Category: Legal Design, Privacy, Privacy Icons

written by Lukas Seiling


This blog post is mainly concerned with mapping both requirements and winning visualisations. A second blog post provides an close inspection of selected icons and concepts while also offering suggestions for future competitions.

In March of last year, the Italian Data Protection Authority (Garante per la protezione dei dati personali) called upon “software developers, tech professionals, experts, lawyers, designers, university students, and anyone interested in this topic, to send a set of symbols or icons that can represent all the items that must be contained in an information notice under Articles 13 and 14 of the GDPR.”

This competition marked the first (and fortunately not the last) time a Data Protection Authority in Europe had held a public competition for the design of privacy icons and thus offered an outstanding possibility to take a closer look at the requirements, the selection process, and the winning icon sets.

Information contained in Article 13 and 14 of the GDPR

The only requirement given by the Garante was that the set of symbols should cover “all the items that must be contained in an information notice under Articles 13 and 14 of the GDPR”. While this seems like a rather straightforward task, a look into both Article 13 (Information to be provided where personal data are collected from the data subject) and Article 14 (Information to be provided where personal data have not been obtained from the data subject) reveals more than 20 different concepts with varying levels of abstraction:

  • identity and the contact details of
    • the controller
    • the controller’s representative
    • the data protection officer
  • purposes of the processing for which the personal data are intended
  • legal basis for the processing
  • legitimate interests pursued by the controller or by a third party
  • (categories of) recipients of the personal data
  • transfer of personal data to a third country or international
  • storage period
  • the rights
    • to request access
    • to rectification
    • to erasure of personal data
    • to restriction of processing
    • to objection of processing
    • to data portability
    • to withdraw consent at any time
    • to lodge a complaint with a supervisory authority
  • whether the provision of personal data is statutory/contractual requirement or necessary to enter into a contract
  • automated decision-making, including profiling

With regard to Automated Decision Making (ADM), Article 13 also states that “meaningful information about the logic involved, significance and envisaged consequences of such processing for the data subject” should be part of the information provided to data subjects.
Additionally to the aspects named above, Article 14 requires information about “categories of personal data” as well as the “source of data”.

So far, so complex.

Challenge Accepted

The participants had a little more than two weeks to come up with a set of icons for the aforementioned aspects. During that time, the Garante received an impressive total of 59 entries and appointed an Evaluation Group to select the icon sets that “most met the criteria of completeness and compliance with the content of the regulations”. Afterwards, the remaining entries were ranked based on four criteria:

  • concept (which includes the aspects of effectiveness and conciseness)
  • visual (graphics, readability, clarity)
  • originality
  • inclusiveness (gender equality, non-discrimination)

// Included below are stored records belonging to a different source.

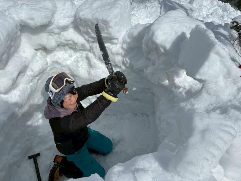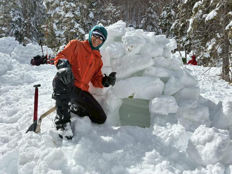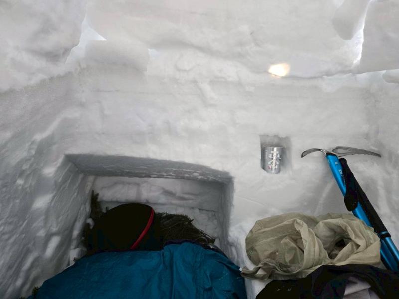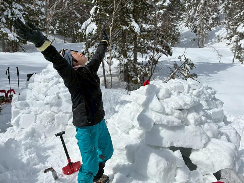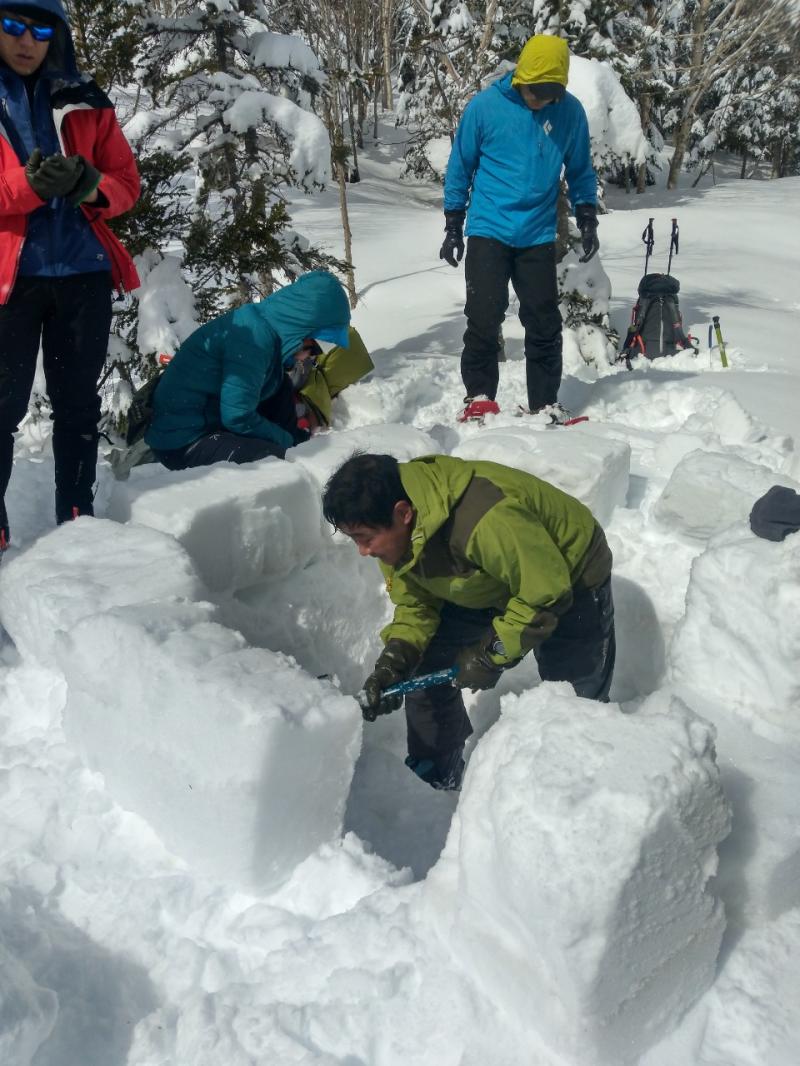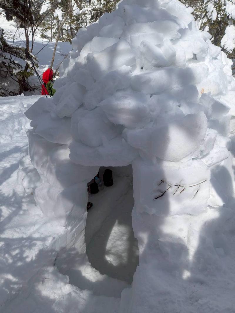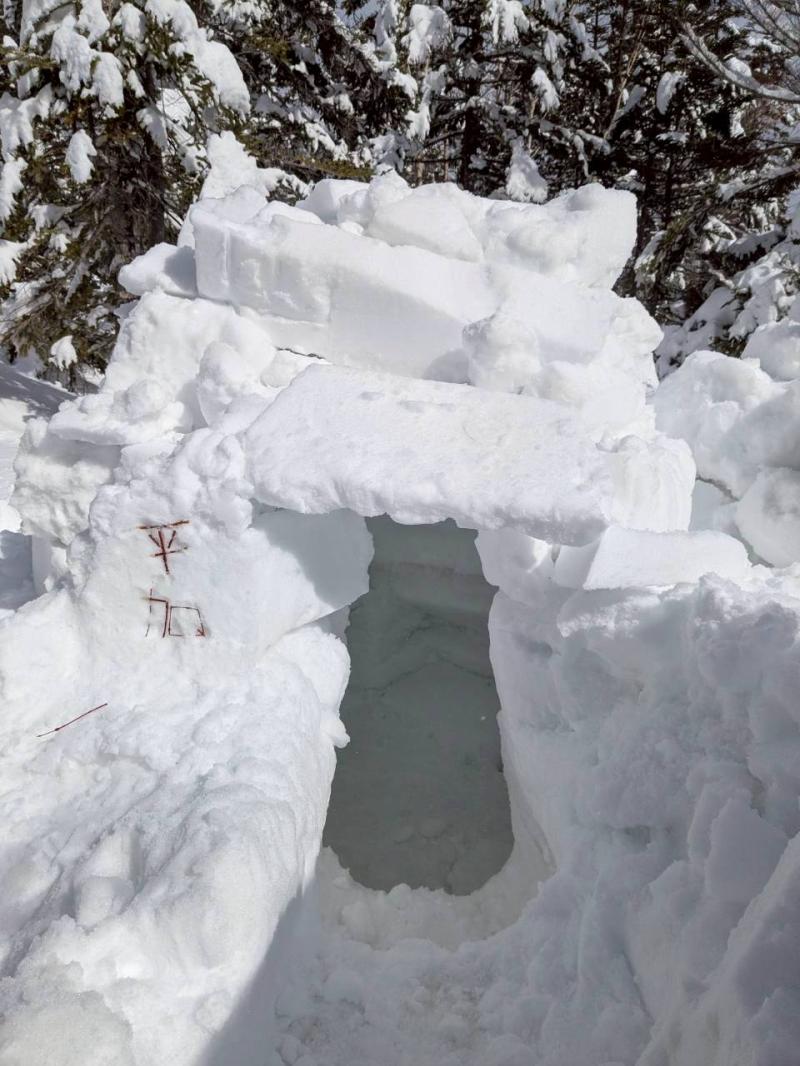雪上での家づくりです。ビバークで使用できます。積雪30CMほどでも作れるそうです。
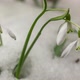Detail of fast snow melts and white snowdrops flower are blooming in early spring season in forest. Time lapse
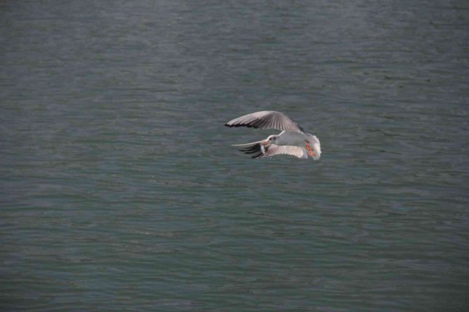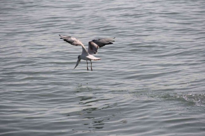 Balığı su içerisine dalarak avlayan martıyı, arkasından balığı kapmak isteyen diğer martıların da kovalaması ilginç görüntüler oluşturdu.
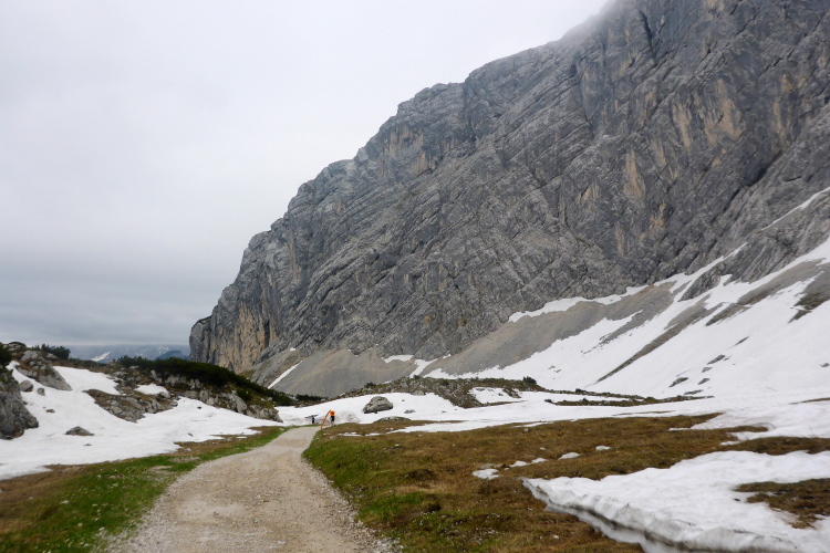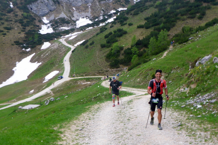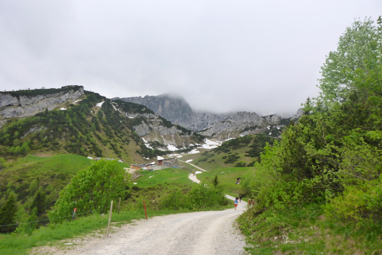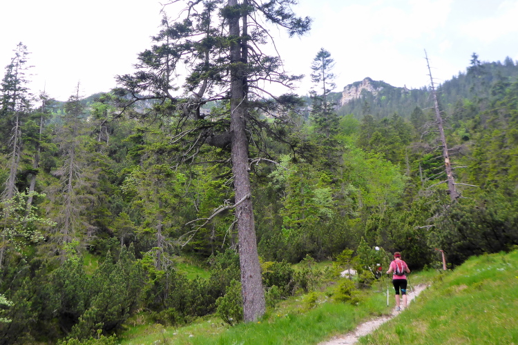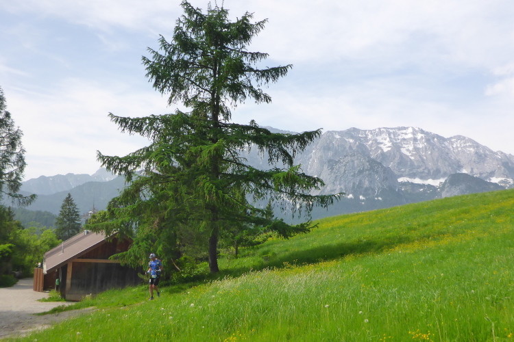 Dafür geht der Weg nun steil bergauf. Reizende Abwechslung bietet eine Lichtung mit den weißen Blüten von Giersch, der hier in Mengen wächst. Die Tür am Weidezaun steht offen und so gelangen wir auf die Elmauer Alm. Eine Fotografin schießt Läuferbilder vor dem Hintergrund des Bergmassivs, das nun richtig nah erscheint. Die Almhütte liegt auf 1200 m ü. M., Wanderer machen auf den gemütlichen Bänken Rast; auch die Bergwacht ist präsent. Fast hätte ich ebenfalls eine Pause eingelegt, aber die Vermutung, dass der Weg nun flacher wird, lässt mich weiterlaufen. Vielleicht einen Kilometer weiter geht es aber schon wieder deutlich bergauf.

The four winners were announced in December of last year, with two icon sets – by the origanisational compliance consultancy Athlantic Srl and Design Student Sara Vagni – sharing the first place; followed by the ones created by an association of information security auditors, trainers, and privacy experts, called Osservatorio 679, and the Maastricht European Centre on Privacy and Cybersecurity (ECPC).

The winning icons were made accessible through the Italian Data Protection Authority’s website to be used by anyone under the CreativeCommons license.

Comparing the Winning Sets

Unfortunately, the Garante provides only download links to the various icon sets and pdf documents for an overview individually and no global overview of any sort. To remedy this lack of information, I downloaded all icon sets, which left me with exactly 100 unique icons (35 by Sara Vagni, 32 by Athlantic Srl, 17 by Osservatorio 679 and 16 by the ECPC).

Overview over all items in the selected icon sets, alphabetically ordered

With no additional information provided except for the image file names (which were exclusively in Italian), I translated the individual file names to determine which concepts were pictured by the different icon sets and how their visualisations might differ.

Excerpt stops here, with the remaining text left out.